Creams, pomades, and butters packaged in brightly-colored bottles for “natural hair” now grace the shelves of beauty supply stores in various countries. Black women are spearheading the contemporary natural hair movement, commonly defined as one that encourages “women with African ancestry to celebrate and enjoy the natural characteristics of their kinky, curly, hair texture.” Historically, institutional racism has catalyzed natural hair movements, and consequently, institutions and the public politicize Black women’s hair. While the narrative of the modern natural hair movement is political, employing the notion of “quiet,” coined by Kevin Quashie, the natural hair movement should not oversaturate the discourse of the natural hair movement with politics and resistance, as that narrative erases the humanity of Black women.
Structural racism manifests hair discrimination in many countries, including the United States and South Africa. In the United States, hair discrimination stems from slavery. Beauty standards favored whiteness, thus any physicality of Blackness was undesirable. To differentiate Afro-textured hair from “white” hair, white people described enslaved peoples’ hair as “nappy, which”stems from the word “nap,” originally used to describe the tuft of cotton on the plant that grows before harvest. Therefore, the etymology of “nappy” is inherently derogatory towards Black women in the United States. Further, during apartheid, South African schools enforced the “pencil test” to exclude students with kinky hair from access to education; when a teacher put a pencil in a student’s hair, if the pencil fell through, the student would have more access to academic opportunities, whereas if the pencil stayed, the state would restrict academic opportunities for the student. Structural racism stigmatizes natural, Black hair, especially on Black women, thus hair is always a point of social and political contention.
Shifting towards Civil Rights and Black Power movements throughout the 1960s-70s, Angela Davis spearheaded the first major “natural hair” movement. Davis, along with many other Black women, wore afros to protest white supremacy and advocate for Black liberation, especially for Black women, since hair discrimination largely impacts their livelihood. Radicalizing the political state of Black hair, Davis utilized her afro as a weapon to combat Black oppression. Davis pioneered and established the political discourse of Black hair movements throughout the world.

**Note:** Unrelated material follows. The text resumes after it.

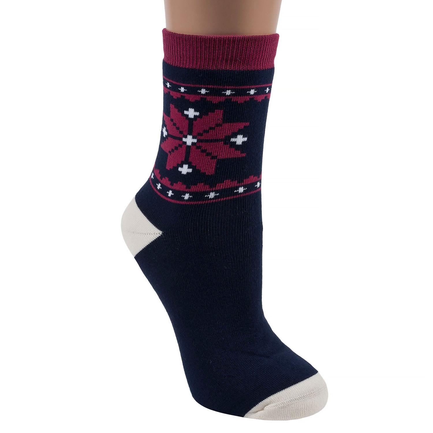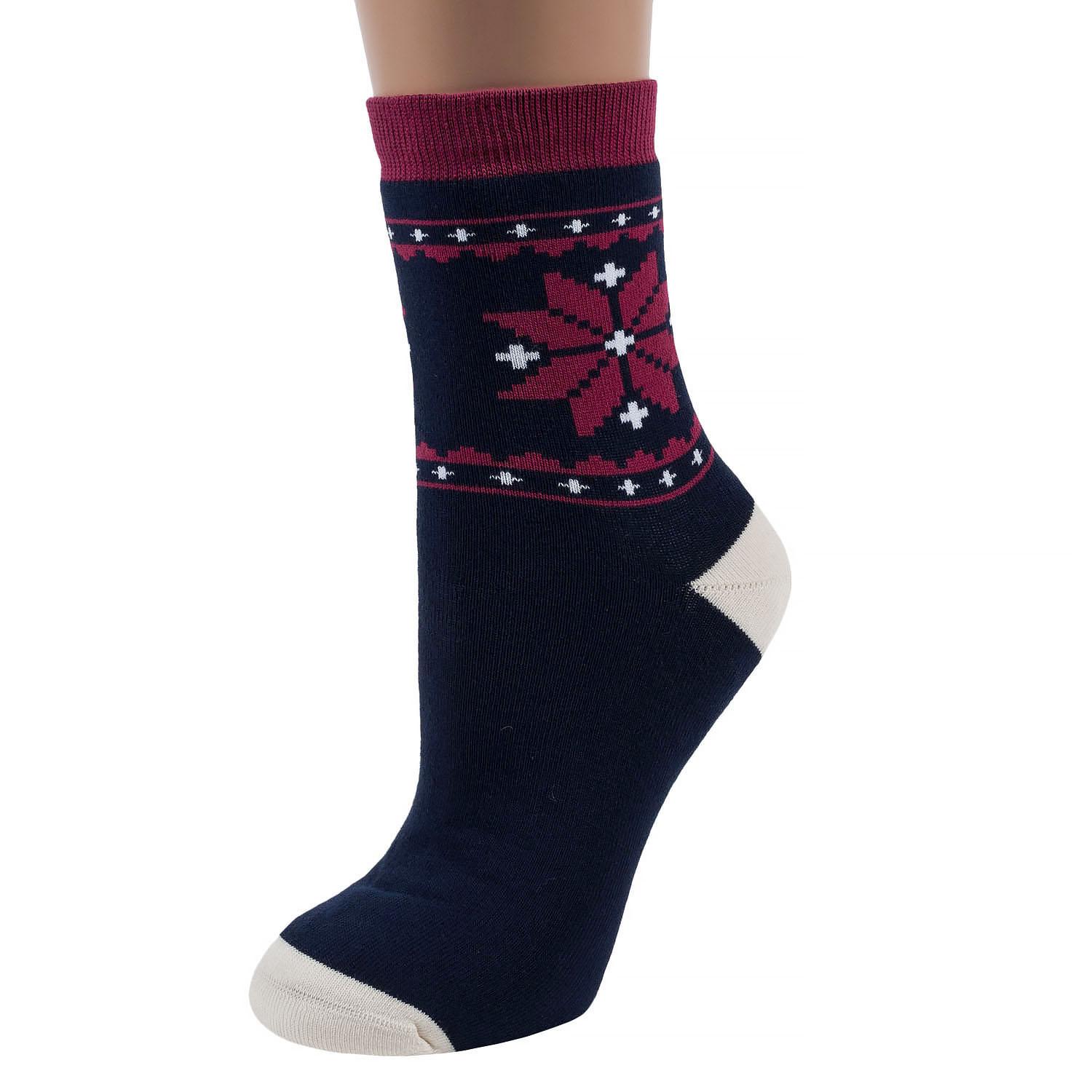 Удобные махровые носки для женщин. Модель обеспечивает тепло и комфорт. Носки оформлены узором в скандинавском стиле, который выгодно подчеркивают контрастные детали – мысок и пятка. Мягкая трикотажная резинка не создает излишнего давления.

In the early 2010s, Black women birthed a new, natural hair movement to celebrate and care for their natural hair through community, YouTube tutorials, and websites geared towards Black hair care. Black women also use momentum from the expanding movement to combat discriminatory practices. In 2014, many Black women in the United States army vocally opposed the U.S. Army’s list of acceptable hairstyles, which banned specific types of braids, cornrows, and small twists—hairstyles Black women usually wear for practicality. Restrictions also stated, “Any unkempt or matted braids or cornrows are considered dreadlocks and are not authorized.” This statute is a directly discriminates against Black women, and the natural hair movement supported Black women in the military protesting the injustice.
Since structural racism consistently puts Black hair into social strife, it is easy for Black women to subject their hair and the movement into an exclusive, political state. It is critical to recognize that Black women exist in anti-Black societies, therefore, any form of Black expression is inherently political. When the public limits Black expression—and in this case, wearing natural hair—to a form of constant resistance, Black women lose access to their humanity and autonomy. Kevin Quashie, an English professor and scholar, uses the term, “quiet” to illuminate that the public should include “the expressiveness of the inner life” in the discourse of Black life and existence. Quashie eloquently expresses this notion as he writes that Black people “are resistant in context, but not in essence.” The natural hair movement contextualizes the need for Quashie’s logic.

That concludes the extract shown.